Entre las aves destacan especies rapaces como el águila real, el águila culebrera europea y el águila calzada, junto a aves ligadas a cursos de agua como el mirlo acuático y la lavandera cascadeña.
El murmullo constante del arroyo y el canto de aves forestales y ribereñas.
La vegetación de la microrreserva se organiza en función de la orientación y la cercanía al cauce. Las laderas de umbría y las zonas elevadas del valle están dominadas por robledales de Quercus pyrenaica, mientras que en solanas y cotas inferiores aparecen bosques mixtos de roble con quejigos, alcornoques, encinas y madroños, acompañados de mostajos y arces.
En el fondo de los barrancos y márgenes del arroyo prosperan bosques de ribera con sauces, fresnos, robles y quejigos, creando un ambiente húmedo y sombrío que permite la presencia de auténticas reliquias botánicas.
Aromas de tierra mojada, hojas de roble y vegetación de ribera.
Destaca de manera excepcional la presencia de especies de óptimo eurosiberiano y atlántico como Taxus baccata, Ilex aquifolium, Betula pendula subsp. fontqueri o Sorbus torminalis, junto a elementos lauroides como Prunus lusitanica, conocido localmente como loro.
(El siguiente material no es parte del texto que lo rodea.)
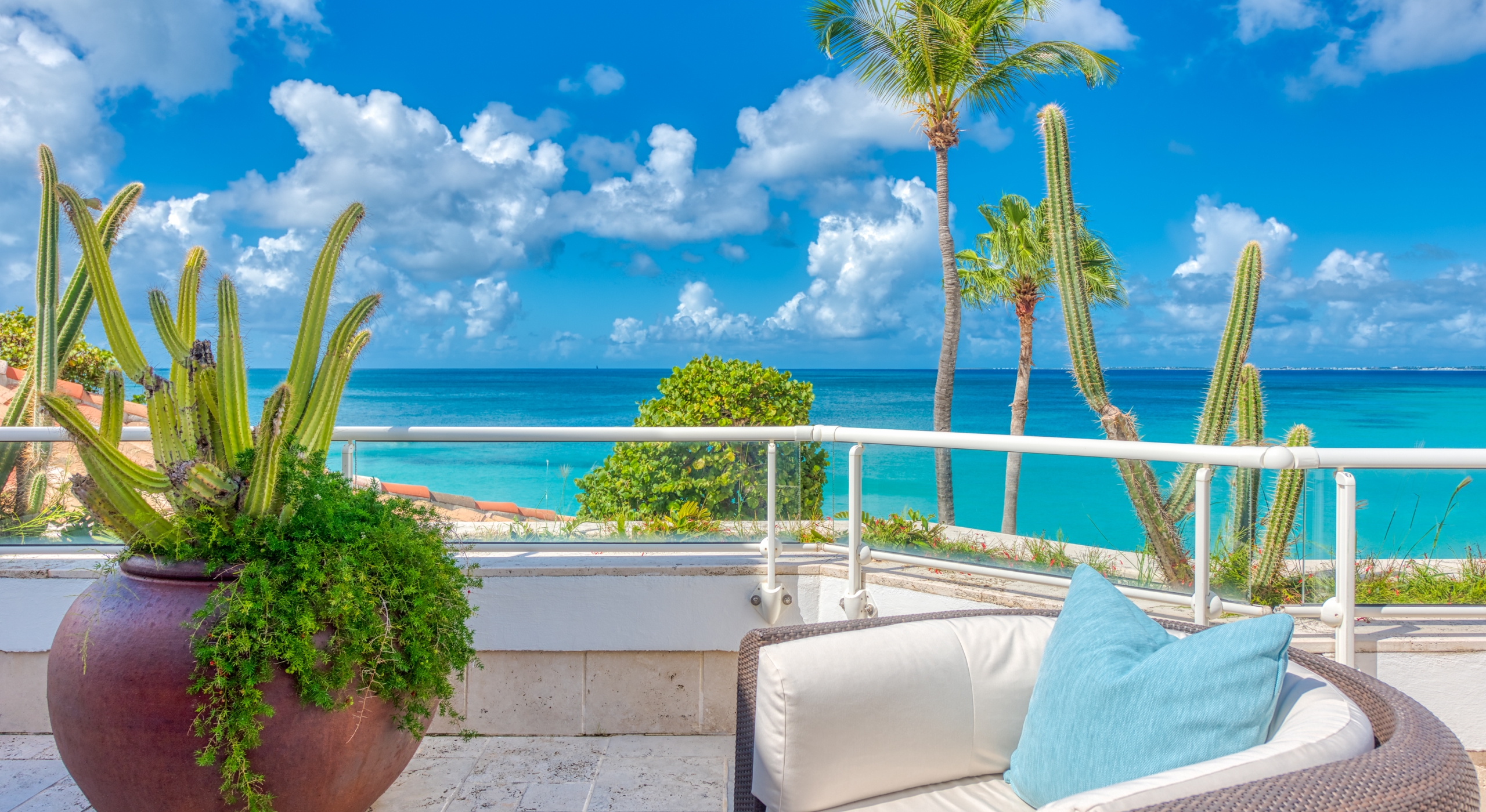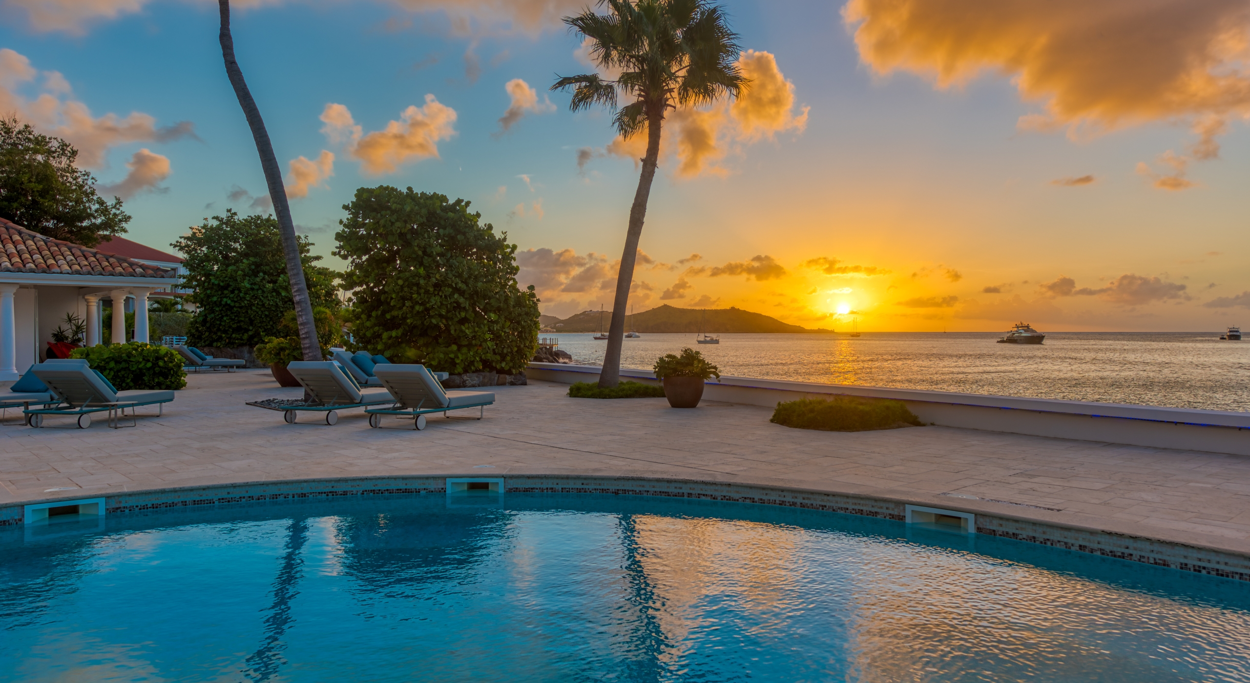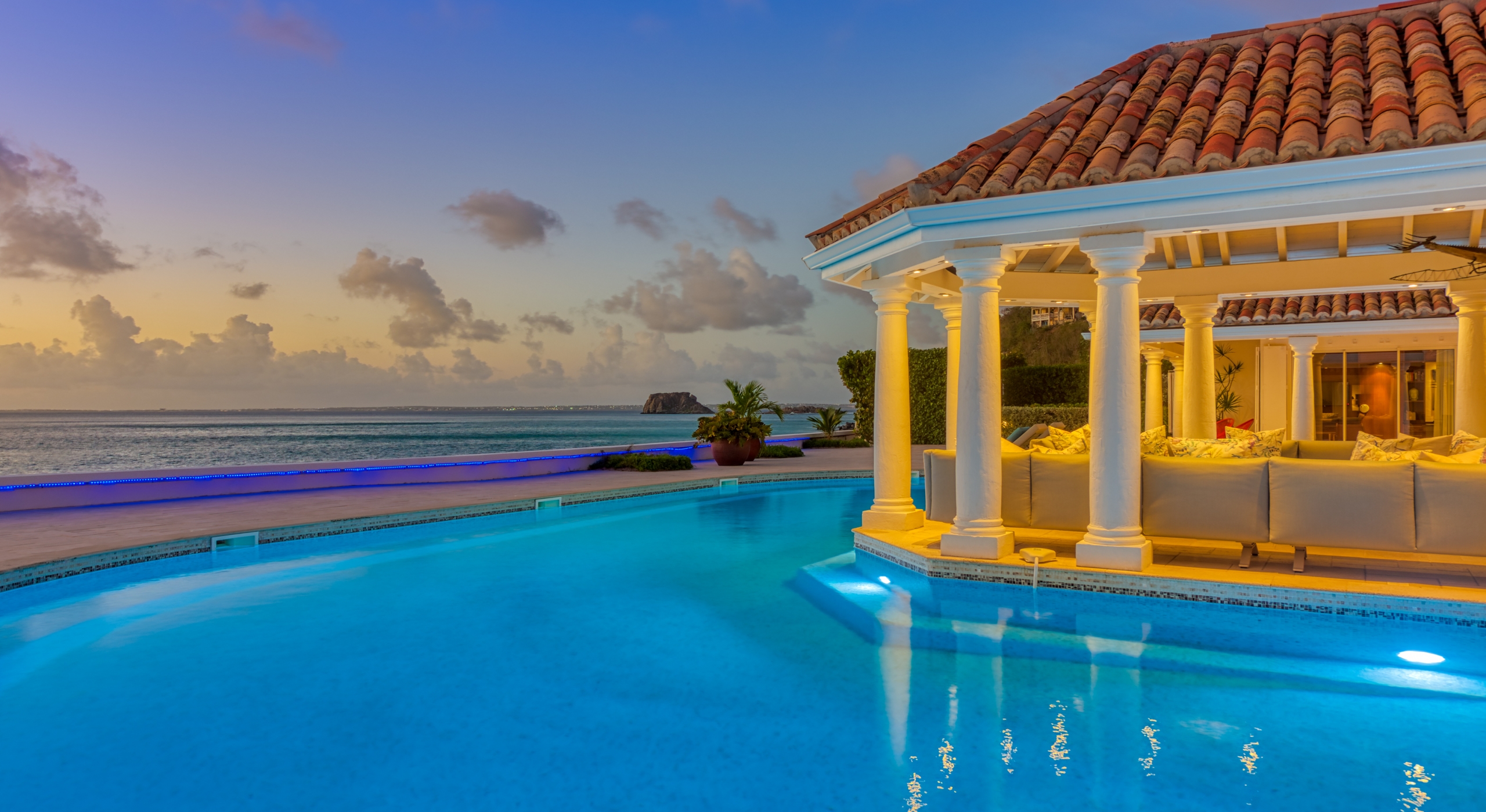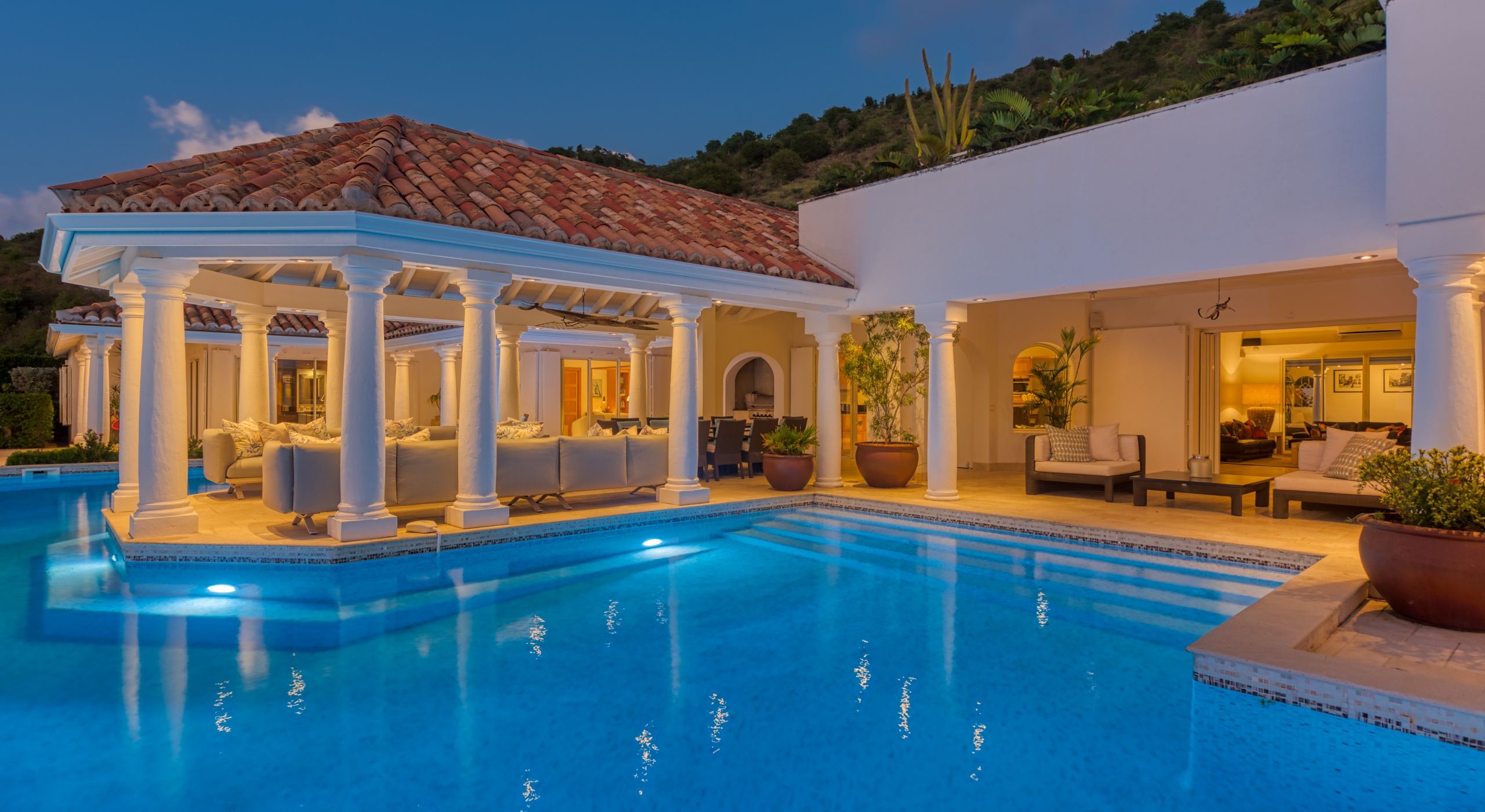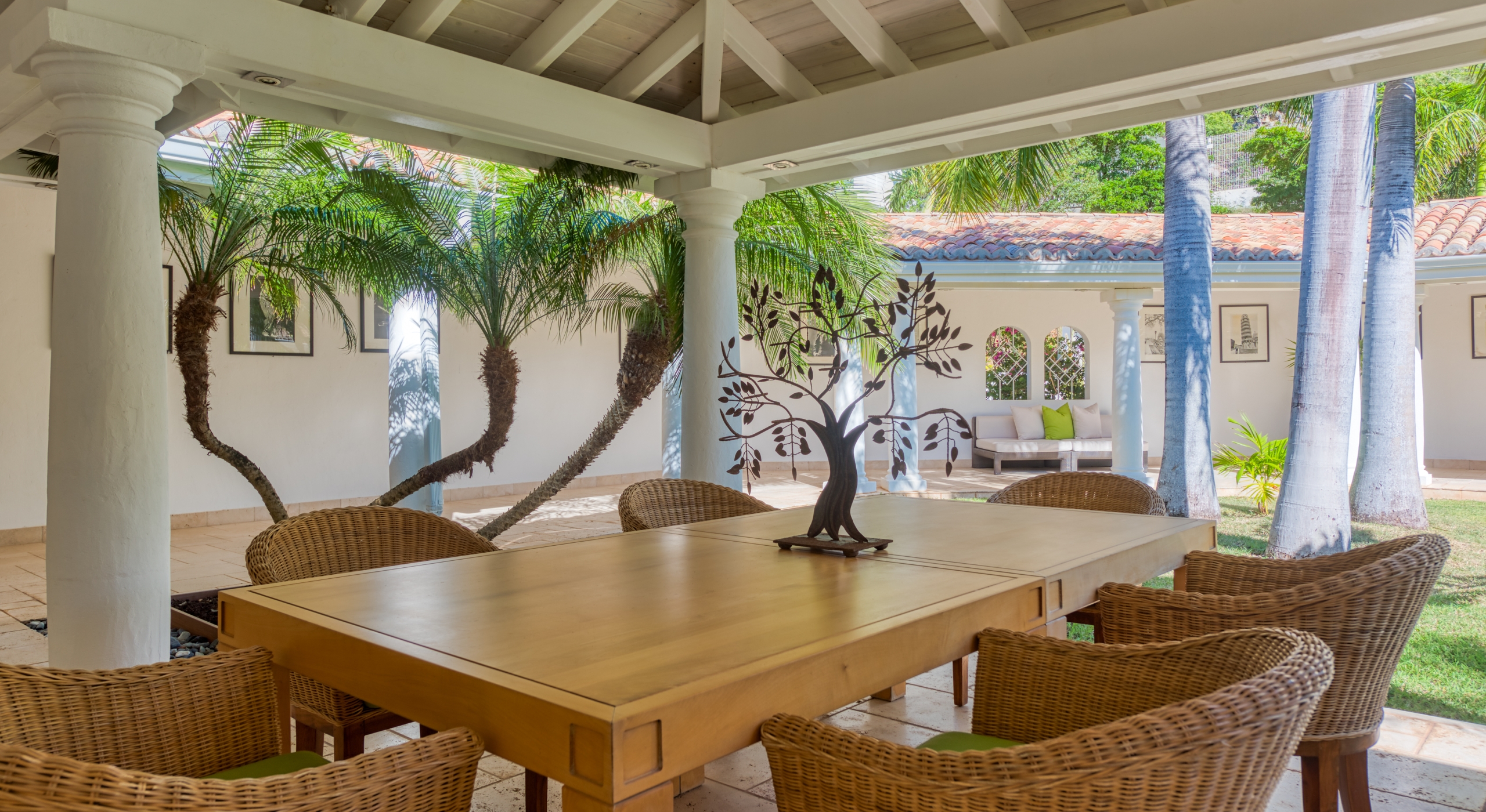 The entrance is lined with beautiful palms and tropical foliage. A columned portico brings you into the grand landscaped courtyard, flanked by covered cloister walkways surrounding the entrance. Pools frame the walkway setting the stage for a stunning view of the sapphire sea, Caribbean sky, stately palms, and Anguilla in the distance. Step outside to the villa's main terrace and you find yourself looking out to Petite Plage beach, accessible down a short staircase.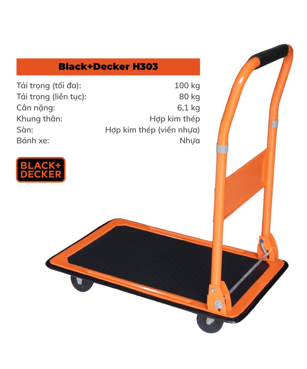 Thông số kỹ thuật Xe đẩy hàng 4 bánh cao cấp Black and Decker H303: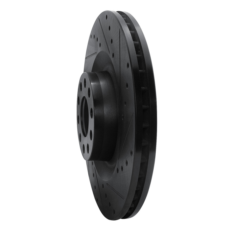 R1 01-03 Audi S8 Front Right Drilled & Slotted Black Brake Rotor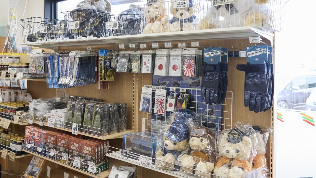 海上自衛隊の基地がある呉市が近いこともあり、関連グッズを多数取り扱い中! 戦艦大和をイメージしたシールや制服姿のぬいぐるみ、カレーライスなど、ファンにはたまらないラインナップです。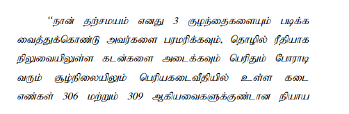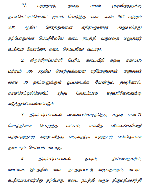 3. The 3rd respondent had invoked the provisions of Section 4 of the Act by filing an application before the 2nd respondent. It was his contention that on 01.10.1979 there was a partition between him, his father and brothers and thereafter, he had out of his own earning, started a business in the name and style of “M.Muniyapillai Grocery and Native Medicine Shop” at Big Bazaar Street, Trichy nearly 40 years back. He had also started the Muniya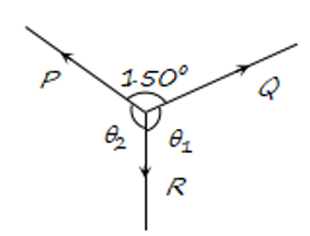 $\frac{P}{\sin \theta_1}=\frac{Q}{\sin \theta_2}=\frac{R}{\sin 150^{\circ}}$

Esta especie es un vestigio de los antiguos bosques de laurisilva del Terciario y encuentra en la Garganta de las Lanchas uno de sus escasos refugios en la provincia de Toledo.
Cercanos al cauce aparecen brezales higrófilos, comunidades palustres de grandes cárices, juncales húmedos y poblaciones de helechos como Osmunda regalis, Athyrium filix-femina y Dryopteris affinis, todas catalogadas como especies de interés especial.
La Garganta de las Lanchas ofrece un paisaje de gran belleza y contraste, donde la frondosidad de los bosques húmedos se combina con laderas cuarcíticas abruptas y gargantas fluviales encajadas, creando uno de los entornos más singulares y mejor conservados de los Montes de Toledo.